7. The design method of a gas-generating arc-extinguishing polymer for a low-voltage circuit breaker according to claim 6, characterized in that, The process involves comprehensively evaluating the gas-generating arc-extinguishing polymer samples based on the macroscopic evaluation parameters collected and in conjunction with the material arc-extinguishing standard requirements, to output evaluation results, including: The macroscopic evaluation parameters for determining whether a polymer sample generates gas to quench arcs must meet the following conditions: Condition 1: The peak pressure of the arc-extinguishing chamber is greater than 0.5 MPa; Condition 2: The temperature of the ablation gas in the arc-extinguishing chamber is below 400℃; Condition 3: The peak value of the arc voltage is greater than 400V; Condition 4: The peak value of the arc current is less than 2kA; Condition 5: Arcing time is less than 40ms; If the gas-generating arc-extinguishing polymer sample meets at least one of conditions one through five, then the gas-generating arc-extinguishing polymer sample is judged to meet the material arc-extinguishing standard requirements; otherwise, the gas-generating arc-extinguishing polymer sample is judged not to meet the material arc-extinguishing standard requirements.
8. The design method of a gas-generating arc-extinguishing polymer for a low-voltage circuit breaker according to claim 1, characterized in that, The intermediate performance indicators include gas production efficiency and thermal stability.

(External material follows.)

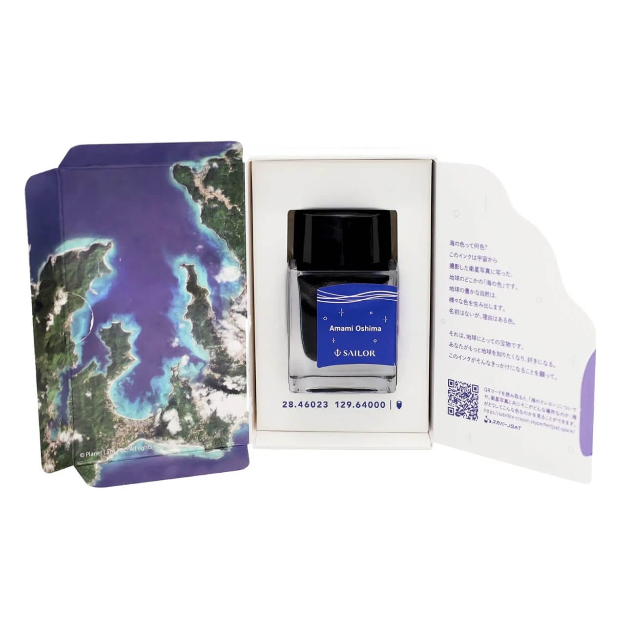 This original ink color is derived from coordinates: 28.46023, 129.64000, recreating the ocean of Amami Oshima.

9. A gas-generating arc-extinguishing polymer system for a low-voltage circuit breaker, comprising the steps of designing the gas-generating arc-extinguishing polymer for the low-voltage circuit breaker according to any one of claims 1-8, characterized in that, include: The data acquisition module is used to acquire multiple sets of candidate organic additive molecules from a pre-built candidate database; The index prediction module is used to input candidate organic additive molecules into a pre-trained performance prediction model to obtain the prediction results of intermediate performance indices for each group of candidate organic additive molecules. The performance prediction model is used to characterize the mapping relationship between the molecular structure of organic additives and the corresponding intermediate performance indices. The basic model of the performance prediction model is a graph neural network model, which is trained on a dataset containing the molecular structure of organic additives and the corresponding intermediate performance indices. The molecular screening module is used to screen out candidate organic additive molecules that meet the intermediate performance index threshold requirements from the intermediate performance index prediction results based on a preset intermediate performance index threshold, and to use them as candidate organic additive molecules; the candidate organic additive molecules are used to blend with the nylon matrix in a predetermined ratio to prepare the gas-generating arc-extinguishing polymer for the low-voltage circuit breaker.
10. A gas-generating arc-extinguishing polymer product for low-voltage circuit breakers, characterized in that, The polymer for generating arc extinguishing gas in the low-voltage circuit breaker according to any one of claims 1-8 was prepared using the design method.